Seo Eunchong, Park Hye Yoon, Park Kyungmee, Koo Se Jun, Lee Su Young, Min Jee Eun, Lee Eun, An Suk Kyoon
Section of Self, Affect and Neuroscience, Institute of Behavioral Science in Medicine, Yonsei University College of Medicine, Seoul, South Korea.
Department of Psychiatry, Yonsei University College of Medicine, Severance Hospital, Seoul, South Korea.
Front Psychiatry. 2020 Jun 26;11:577. doi: 10.3389/fpsyt.2020.00577. eCollection 2020.
Patients with schizophrenia and individuals at ultra-high risk for psychosis (UHR) have been reported to exhibit impaired recognition of facial emotion expressions. This impairment has involved both inaccuracy and negative bias of facial emotion recognition. The present study aimed to investigate whether UHR individuals display both types of impaired facial emotion recognition and to explore correlations between these impairments and schizotypy, as well as paranoia levels, in these individuals.
A total of 43 UHR individuals and 57 healthy controls (HC) completed a facial emotion recognition task consisting of 60 standardized facial photographs.
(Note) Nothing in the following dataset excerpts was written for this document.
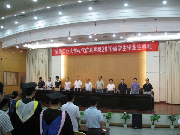 2010年6月29日上午,电气信息学院2010届学生毕业典礼在本部学术会议中心隆重举行。葛芦生副校长、孙世民书记、赵光兴院长、张捍东副院长、刘晓东副院长和各系主任出席,2010届各班班主任以及全体毕业生参加了典礼,典礼由院党委副书记姚敏副院长主持。
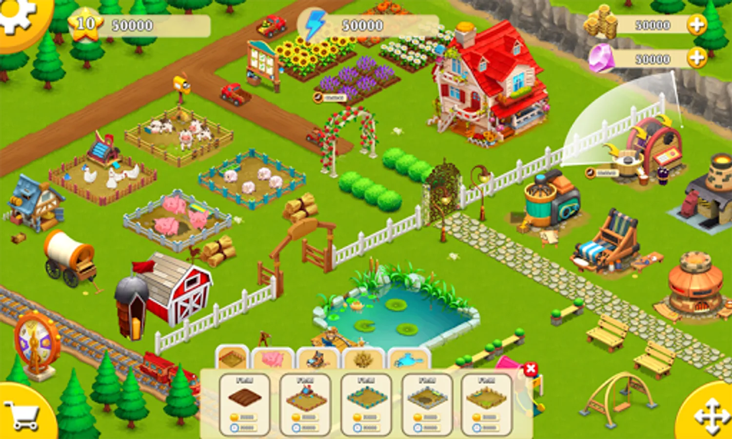 Apparel accessories for the players to buy livestock feed production plant itself in shops and stalls machinery selected then choose the food factory at the beginning of the booth. When finished buying the machine will display the main screen players select that machine placement success will be deducted from the amount. Then just feed into the machine and select the type of food being produced to feed chickens, cows ... wait a certain period of time there will be harvested product and bring food for livestock.
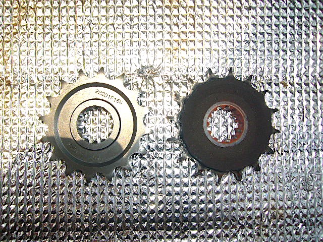 AFAM製の新品と取り外したフロントスプロケットを較べてみると相当摩耗しているのが分かります。
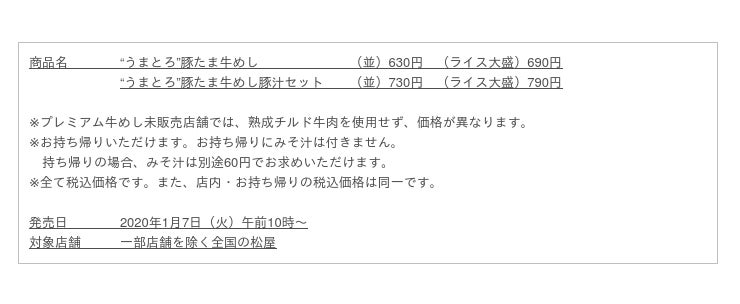2020年の松屋の新メニュー第1号は、豚・牛・玉子による夢の共演!2020年 1月 7日(火)午前10時より
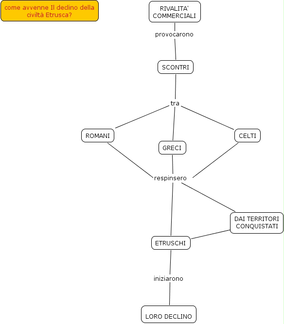 DECLINO CIVILTA' ETRUSCA, RIVALITA' COMMERCIALI provocarono SCONTRI, CELTI respinsero DAI TERRITORI CONQUISTATI, ROMANI respinsero DAI TERRITORI CONQUISTATI, SCONTRI tra ROMANI, ETRUSCHI iniziarono LORO DECLINO, ROMANI respinsero ETRUSCHI, ETRUSCHI ???? DAI TERRITORI CONQUISTATI, GRECI respinsero DAI TERRITORI CONQUISTATI, GRECI respinsero ETRUSCHI, CELTI respinsero ETRUSCHI
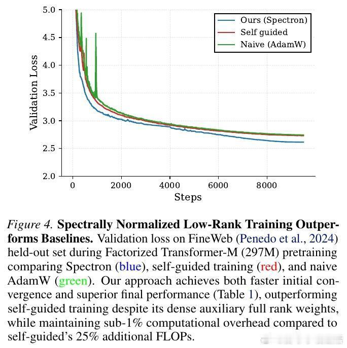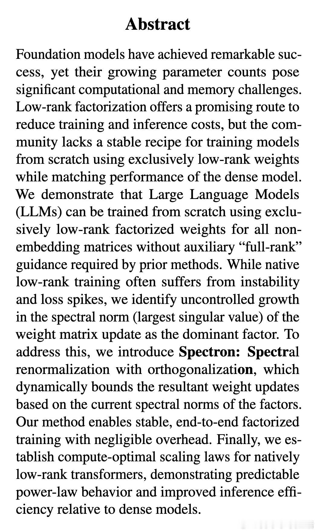 总结:- 智能的本质或许不在于参数的冗余,而在于结构的精炼。- Spectron 证明了:给更新套上“谱”的枷锁,才能换来训练的自由。- 低秩训练不是对性能的妥协,而是对推理效率的预支。

To explore correlations, we assessed schizotypy using the Revised Physical Anhedonia Scale and Magical Ideation Scale and paranoia level using the Paranoia Scale and persecution/suspicious item of the Positive and Negative Syndrome Scale in UHR individuals.
Compared with HC, UHR individuals exhibited less accuracy for facial emotion recognition (70.6% vs. 75.6%, p=0.010) and a higher rate of "fear" responses for neutral faces (14.5% vs. 6.0%, p=0.003). In UHR individuals, inaccuracy was significantly correlated with schizotypy scores, but not with paranoia level. Conversely, "disgust" response for neutral faces was the only fear response correlated with paranoia level, and no threat-related emotion response correlated with schizotypy scores.
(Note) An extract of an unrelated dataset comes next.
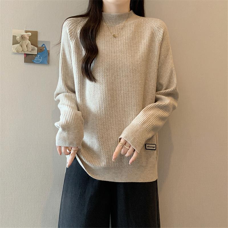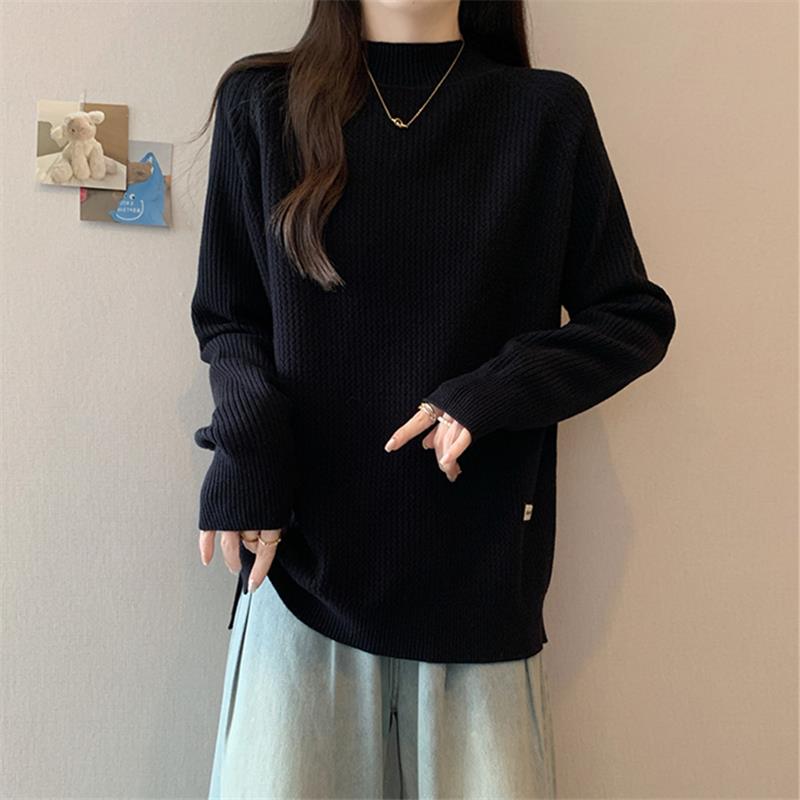 木耳边打底内搭毛衣上衣胖mm秋冬 女2025新款 大码 蕾丝半高领针织衫

UHR individuals exhibited inaccuracy and negative bias of facial emotion recognition. Furthermore, schizotypy scores were associated with inaccuracy but not with negative bias of facial emotion recognition. Paranoia level was correlated with "disgust" responses for neutral faces but not with inaccuracy. These findings suggest that inaccuracy and negative bias of facial emotion recognition reflect different underlying processes, and that inaccuracy may be a vulnerability marker for schizophrenia.
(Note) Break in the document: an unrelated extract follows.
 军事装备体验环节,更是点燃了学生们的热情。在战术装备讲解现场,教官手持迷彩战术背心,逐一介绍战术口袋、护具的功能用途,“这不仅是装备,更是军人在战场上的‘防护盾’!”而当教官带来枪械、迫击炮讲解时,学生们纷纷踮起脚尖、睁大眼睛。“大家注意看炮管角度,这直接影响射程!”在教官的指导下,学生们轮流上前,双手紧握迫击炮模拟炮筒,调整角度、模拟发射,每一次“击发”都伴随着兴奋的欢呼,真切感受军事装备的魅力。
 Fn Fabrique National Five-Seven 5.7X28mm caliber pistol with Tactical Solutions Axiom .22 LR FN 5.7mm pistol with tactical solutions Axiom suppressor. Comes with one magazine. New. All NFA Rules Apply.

据报道,精神分裂症患者和精神病超高风险个体(UHR)对面部情绪表达的识别存在障碍。这种障碍包括面部情绪识别的不准确和消极偏差。本研究旨在调查UHR个体是否表现出这两种类型的面部情绪识别障碍,并探讨这些障碍与这些个体的分裂型人格特质以及偏执水平之间的相关性。
共有43名UHR个体和57名健康对照者(HC)完成了一项面部情绪识别任务,该任务由60张标准化面部照片组成。为了探讨相关性,我们使用修订后的躯体快感缺乏量表和神奇观念量表评估UHR个体的分裂型人格特质,并使用偏执量表以及阳性和阴性症状量表中的迫害/怀疑项目评估偏执水平。
与HC相比,UHR个体面部情绪识别的准确性较低(70.6%对75.6%,p=0.010),对中性面孔的“恐惧”反应率较高(14.5%对6.0%,p=0.003)。在UHR个体中,不准确与分裂型人格特质得分显著相关,但与偏执水平无关。相反,对中性面孔的“厌恶”反应是唯一与偏执水平相关的恐惧反应,且没有与分裂型人格特质得分相关的威胁相关情绪反应。
UHR个体表现出面部情绪识别的不准确和消极偏差。此外,分裂型人格特质得分与不准确相关,但与面部情绪识别的消极偏差无关。偏执水平与对中性面孔的“厌恶”反应相关,但与不准确无关。这些发现表明,面部情绪识别的不准确和消极偏差反映了不同的潜在过程,并且不准确可能是精神分裂症的一个易感性标志物。